DATA SEGMENT

---

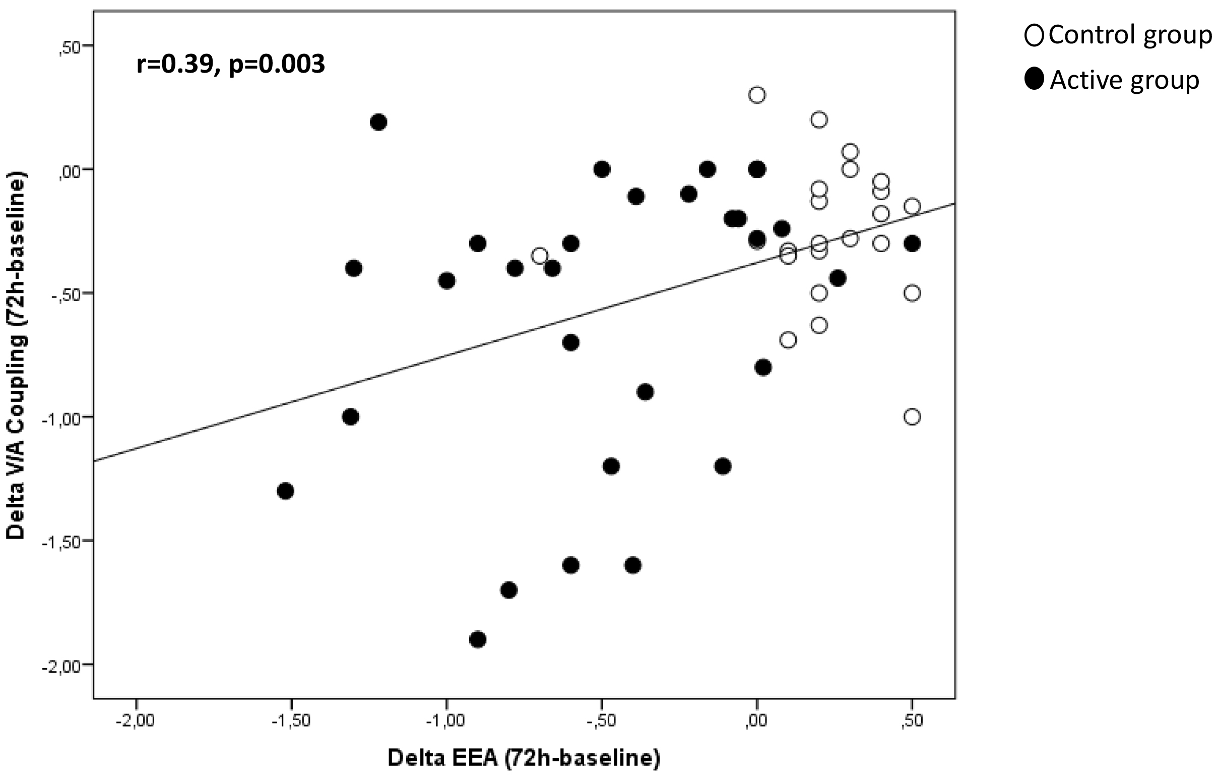Fig. 3.Correlation between EAA and V/A coupling in the study population.
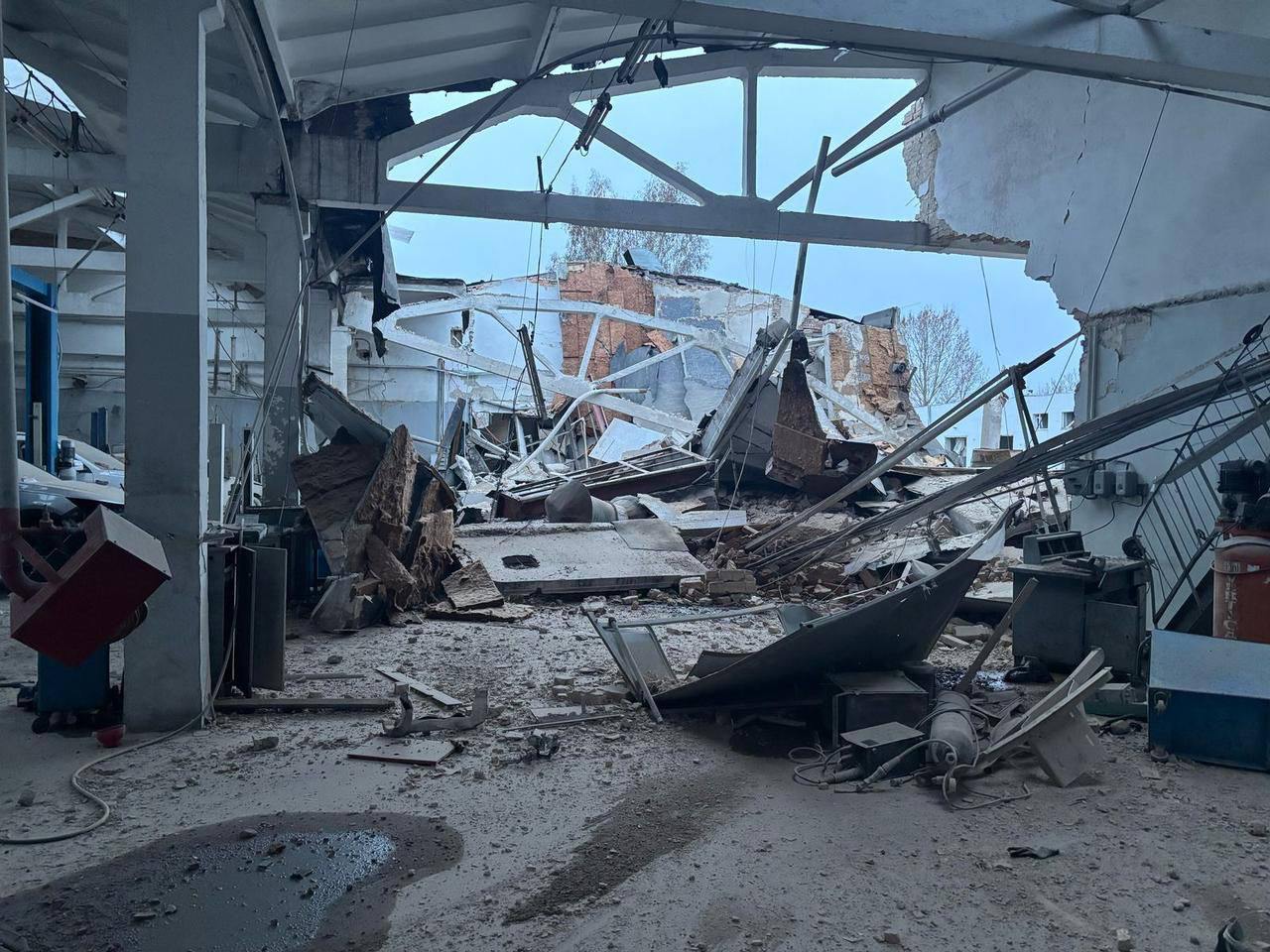 Разрушены два здания авторемонтных предприятия в районе Броваров, повреждены семь автомобилей и два погрузчика. Также повреждены окна и фасад АЗС.
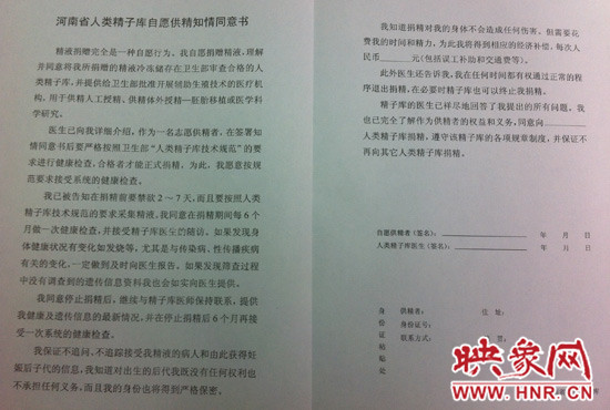 郑州市民王先生拿着已经签好字的知情同意书说:“我是上月确认捐精的,这是第二次来体检了,如果合格应该就开始正式捐精了。”
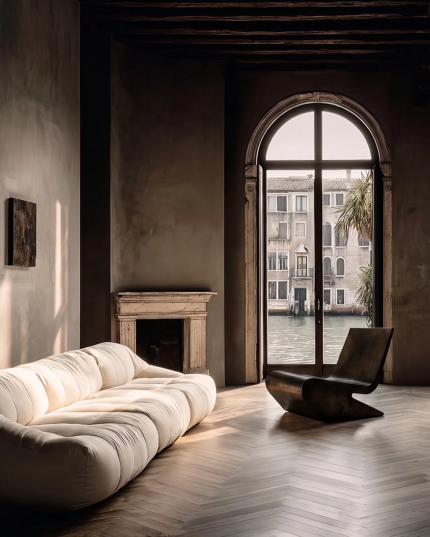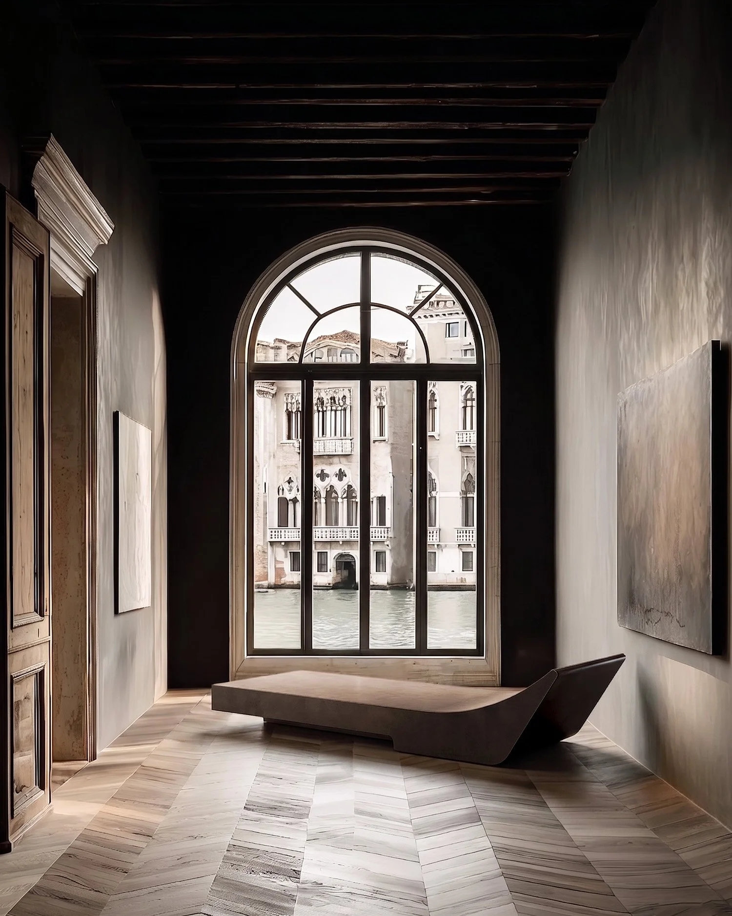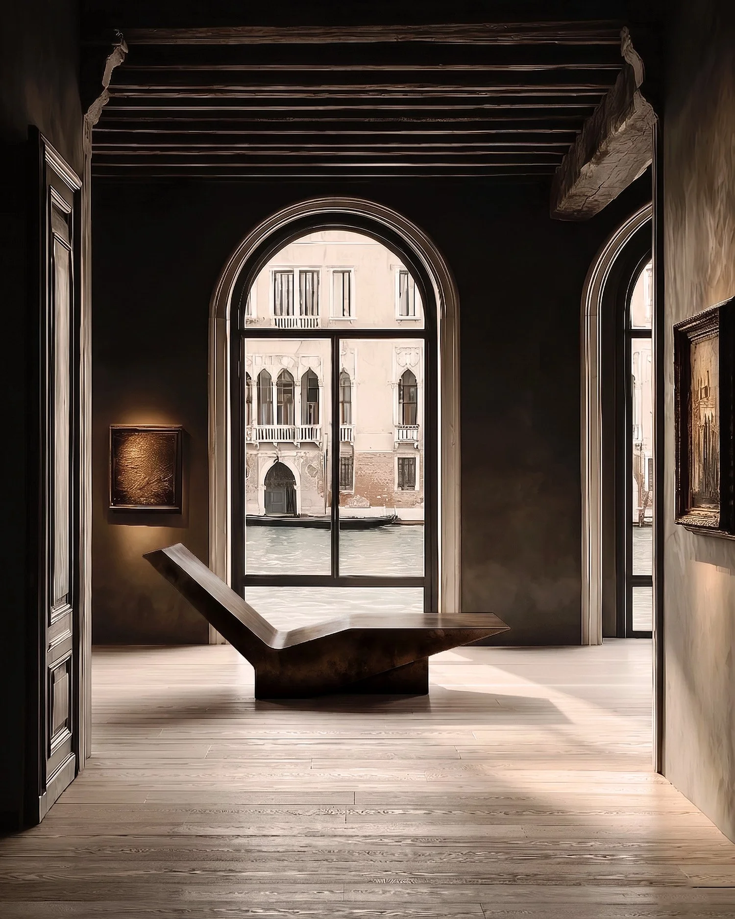 Just as important is the architecture itself. Exposed timber beams, arched canal windows, and fragments of classical stonework do more than frame the collection; they draw it into a longer visual history. Venetian light moves across metal, plaster, and upholstery in a constant state of adjustment, giving the room a shifting chiaroscuro throughout the day. The collection does not imitate the past, nor does it compete with it. It meets it with equal conviction

---

YOUR ASSIGNMENT
Extract the lines beginning with the one that contains "郑州市民王先生拿着已经签好字" and ending with the last line of the listing. Keep them exact and drop the pictures.

RESPONSE
 郑州市民王先生拿着已经签好字的知情同意书说:“我是上月确认捐精的,这是第二次来体检了,如果合格应该就开始正式捐精了。”
 Just as important is the architecture itself. Exposed timber beams, arched canal windows, and fragments of classical stonework do more than frame the collection; they draw it into a longer visual history. Venetian light moves across metal, plaster, and upholstery in a constant state of adjustment, giving the room a shifting chiaroscuro throughout the day. The collection does not imitate the past, nor does it compete with it. It meets it with equal conviction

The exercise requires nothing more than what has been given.